Hbase (1)-Data Model

Last Update:2018-12-03 Source: Internet

Author: User

Developer on Alibaba Coud: Build your first app with APIs, SDKs, and tutorials on the Alibaba Cloud. Read more ＞

What is bigtable? Google's paper gives a full description of it. Literally, it is a large table, which is actually different from the tables of traditional databases we imagine. Loose data is a data between map entry (Key & value) and DB row. When I use memcache, sometimes I need to store more than just a simple key that corresponds to a value. Maybe I need to store multiple attributes in a database table structure, however, there is no need for many associations in the traditional database table structure. In fact, such data is called loose data. Bigtable is a very large table. The attributes of a table can be dynamically increased as needed, but there is no need to associate queries between tables.

One of the biggest features of Internet applications is speed, powerful functionality, and slow speed. Therefore, high-traffic websites adopt cache to improve performance and response time. For map entry-type data, centralized distributed cache has many options. for traditional relational data, MySQL and Oracle provide good support. Only data such as loose data is available, neither of the two solutions can maximize the processing capability. Therefore, bigtable is useful.

Hbase
Is a scalable, distributed, and column-oriented dynamic mode database for structured data. It can effectively and reliably manage massive data (GB or more) distributed across thousands of commodity servers ).
Hbase is modeled based on Google's bigtable database.
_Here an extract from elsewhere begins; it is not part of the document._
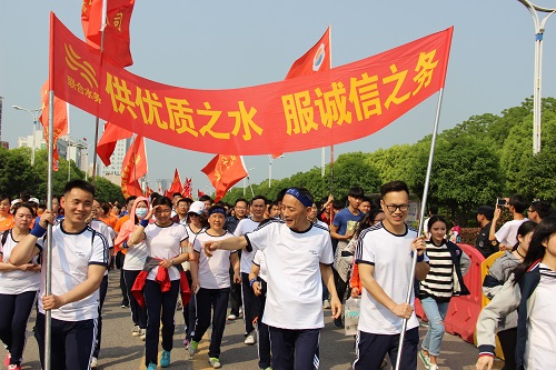 4月15日上午,咸寧聯(lián)合水務(wù)有限公司組織30名員工,在人事行政副總經(jīng)理張偉華的帶領(lǐng)下參加咸寧城區(qū)第28屆春季健步跑暨2017咸寧微型馬拉松賽活動。 上午9時,陽光明媚,微風和煦,起跑點人潮洶涌,氣氛熱烈,公司旗手高舉“供優(yōu)質(zhì)之水,服誠信之務(wù)”和“咸寧聯(lián)合水務(wù)有限公司”的旗幟組成方陣整裝待發(fā)。隨著主持人一聲令下,各參賽者朝著終點方向次第前行,開始長達5公里的快樂健身賽跑。 參加活動的員工,平時工作都是在辦公室里忙碌,沒有多少時間跑步健身,有的年紀已過中年,身體素質(zhì)下滑,所以開跑不大一會,疲勞感陣陣襲來,拉起了風箱,感覺難以繼續(xù)下去了,但大家在高高飄揚的“咸寧聯(lián)合水務(wù)有限公司”旗幟帶領(lǐng)下,以極高的精神意志力,克服身體的疲累咬牙前行,在開跑半個小時左右,大家都按賽跑路線順利到達終點,沒有一人掉隊。 此次活動不僅是身體上的考驗,更是心理上的考驗,它給我們的感受遠比成績要豐富的多,體現(xiàn)了咸寧聯(lián)合水務(wù)人努力拚搏、誓不服輸?shù)倪\動精神,展示了聯(lián)合水務(wù)人的昂揚士氣與蓬勃活力。

It is the hadoop of Apache Software Foundation.
Project.

The data stored in hbase is sparse (unstructured or semi-structured data ). Hbase is good at storing such data because hbase uses column-
Oriented column-oriented storage mechanism, while the well-known RDBMS is Row-
Oriented row-oriented storage mechanism (depressing: I have read n articles about relational databases and never mentioned row-
Oriented row-oriented storage ). The column-oriented storage mechanism does not occupy any space for null value storage. For example, if a table
Usertable has 10 columns, but only one column contains data during storage, then the nine columns with other null values do not occupy the storage space (how does a common database MySQL occupy the storage space ?).
Another reason why hbase is suitable for storing unstructured sparse data is that it processes the column set column families.
For example, what are the differences between dynamic languages like Ruby and Python and C ++ and Java compiling languages?
For me, the most obvious difference is that you do not need to specify a type for the variable. OK
Now hbase has brought this exciting feature to the DBA in the future. You just need to tell your data to the column families stored in hbase.
You do not need to specify the specific type: Char, varchar, Int, tinyint, text, and so on.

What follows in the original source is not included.